Does the large amount of ETH held by asset management firms enable these firms to manipulate ETH's price? Could this lead to a new form of centralization, compromising Ethereum's vision as a "world computer"? These outcomes are uncertain and not guaranteed to be avoided. Given the global influence and capital-raising ability of the U.S. securities market, the issuance of Ethereum ETFs may be a double-edged sword for Ethereum.
If ETH ETFs Are Denied in the U.S., What Should We Focus On?
Outside the U.S. securities market, the UK, Hong Kong, and Australia are also issuing Bitcoin ETFs. The trend of crypto becoming part of mainstream finance is on the rise.

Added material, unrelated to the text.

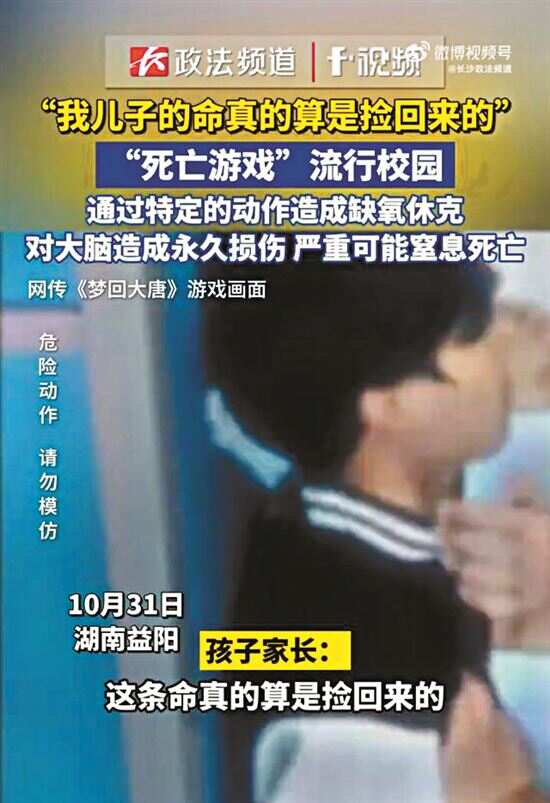 有外地学生参与可致人晕厥甚至丧命的危险游戏,广州市教育局要求全市摸查防范 近日,有媒体报道称湖南益阳的一个孩子在玩“死亡游戏”时险些危及生命。 这一在20年前已被教育部明确禁止的问题,又重新出现在世人眼前,针对这一话题,新快报记者兵分多路,与学校老师、医生、未成年人保护专家对话,共同探讨应对之策。 ■新快报记者 高京 李斯璐 邓善雯 通讯员 刘文琴 韩羽柔 “死亡游戏”究竟是什么? 资料显示,“死亡游戏”又称“心跳游戏”或“闭气窒息游戏”,还被称为“梦回大唐”“死亡三秒”。游戏最早源于东南亚等地,上世纪九十年代末传入我国。 参与这一游戏的核心点在于,让参与者快速达到窒息缺氧的状态。 传言称,人在窒息片刻出现幻觉,可以“看见童年场景”或是“目睹梦幻景象”,甚至重温了“前世记忆”。对于充满好奇心理的未成年人来说,往往会禁不住诱惑,忍不住想去“体验”。 早在2004年底,教育部就对此明确表态,“死亡游戏”极易损害青少年的身心健康,坚决制止此类游戏在学生中传播、蔓延。同时要求中小学校进一步加强管理,保障广大青少年学生健康成长。 2005年,教育部再次发文,要求国内所有网站删除有关“死亡游戏”的介绍。不过在这么多年后,这一危险游戏再次出现了。 在接受媒体电话采访时,湖南益阳参与“死亡游戏”的孩子家长表示:“我儿子这一次这条命真的算是捡回来的,被他同学压住心口以后很快就晕倒了,在晕倒之前,他也发出那种很恐怖很大声的尖叫。直到第二天早上,我儿子还是感觉头痛。” 医生说 能否“回大唐”不知道,但窒息感不宜“上头” 眩晕感、窒息感、胸口受压感、幻觉……游戏者描述的这些“回大唐”的感觉,在医学专家眼中,并不能与游戏的愉快感画等号。相反,是生命受威胁的信号。 心血管内科医生张培东既是南方医院心内科副主任,亦是致力医学知识传播的科普达人。他近日也从有关报道了解到“梦回大唐”“窒息游戏”“死亡游戏”的信息,并表示担心:“如果游戏者是准确描述了体验感的话,这些感觉放在心内科临床,是属于‘心脏骤停’的症状。”简单来说,就是通过一系列的动作行为,让大脑供血不足,迷走神经兴奋增强,造成人为的脑缺血晕厥感觉。 他表示,学生追求这种奇怪感觉,除了猎奇,与成人追求醉酒、醉茶、醉咖啡因等“上头”感觉有关。“当中的危险因素就是‘度’的问题。一旦没有掌握好度,严重可能引发死亡。” 此外,还要考虑游戏者的身体状况是否适合这样玩乐。“有的人也许‘上头’劲儿一过就没事,但医学界做过筛查,100个孩子里,总会有零星的人存在心电图异常。若心脏有基础问题的孩子,这样玩耍‘玩’过头,造成致残,甚至死亡等不可挽回的悲剧,伤害的是一个家庭。” 另一个危险因素,是从急救角度考虑的。中山大学孙逸仙纪念医院急诊科杨正飞主任指出:“突然晕厥的情况下,如果游戏者存在饱食的状态,就容易导致反流误吸,引起喉头水肿风险,进一步加重缺氧感。而倒地的一刻,也有造成颅内损伤的风险。更关键是,孩子若在校园场所发生这些游戏意外伤害,导致昏迷不醒,就要进行非常专业、标准的急救措施。比如摆平躯体、监测生命体征、紧急心电图等,若昏迷原因涉及摔到头,还要马上拍CT,查找是否存在颅内伤……这些紧急救治的举措,是一定要及时送院、得到专业处理的。” 实际上,“梦回大唐”再次在校园出现的消息经过网端传播之后,除了引起医生关注并表示担心之外,广东省卫健委也已通过官方公众号“健康广东”发表健康科普文:《回不回大唐不知道,回西天机会比较大》,以作紧急提醒。 新快报记者走访多家医院急诊科、心血管内科等专科,科室主要负责人表示,近年尚未遇到过因“死亡游戏”“憋气游戏”而送院救治的患者。但是,专家提醒,这种游戏的玩法并不健康,应该杜绝。 官方说 广州市教育局:多次发布提醒防范 由于“死亡游戏”极易损害青少年的身心健康,广州市教育局多次发布通知,要求各区各校要摸查防范,提醒家长加强监督、提高警惕。 据悉,广州市教育局已于11月2日针对该类问题发布工作提醒:近期,一种名为《梦回大唐》的危险类游戏流行于学生之间,游戏的玩法很简单……,此游戏会导致体验者瞬间晕厥甚至危及生命。一是各区各校要高度重视,加强安全教育,提高学生辨知危险的能力。二是请各区各校立即开展摸查,一旦发现要批评教育、严肃处理。三是加强家校联动,提醒家长加强监督、提高警惕,及时关注孩子的行为动向,发现有此类现象时应立即制止并宣讲其危害。 11月4日,广州市教育局再次发出通知,要求各区各校加强针对此类“游戏”的摸查防范,报送排查情况。目前暂未发现广州市校园存在此类情况。 老师说 开展“文明游戏”班会课 “目前我们学校从多条线收到了关于这项游戏的提醒通知,包括教育局、媒体、公众号等等,目前我校还未出现危险游戏的苗头。”广州大学附属小学德育副主任、心理老师冯妙然表示,老师们对于此类消息非常敏锐,在教育局发布通知之前校内行政部门和德育部门就做了相关提醒。 冯妙然提到,学校一方面防微杜渐,德育部门组织各年级班主任制作了相关班会课主题,在全校开展了“课间文明游戏”的系列宣导活动,另一方面学校有教师值日制度,课

On April 15, 2024, Hong Kong's KraneShares and China Asset Management (Hong Kong) announced that they had received approval from the Hong Kong Securities and Futures Commission (SFC) to list the first Bitcoin and Ethereum ETFs on the Hong Kong Stock Exchange. With well-defined regulatory guidelines, the SFC has confirmed that these assets are not classified as securities, thus eliminating the regulatory uncertainty present in U.S. markets. Consequently, crypto asset ETF issuers will not face compliance risks related to issuing illegal securities.
On April 30, 2024, the Hong Kong Stock Exchange marked the first trading day for Bitcoin and Ethereum ETFs, which also permitted physical redemptions.
On May 24, 2024, breaking news from Yahoo Finance reported that the Hong Kong SFC is considering allowing Ethereum ETFs to participate in staking. Sources indicated that the SFC is in talks with crypto asset ETF issuers about providing staking services through licensed platforms, though these discussions are still ongoing, with no clear timeline for a decision.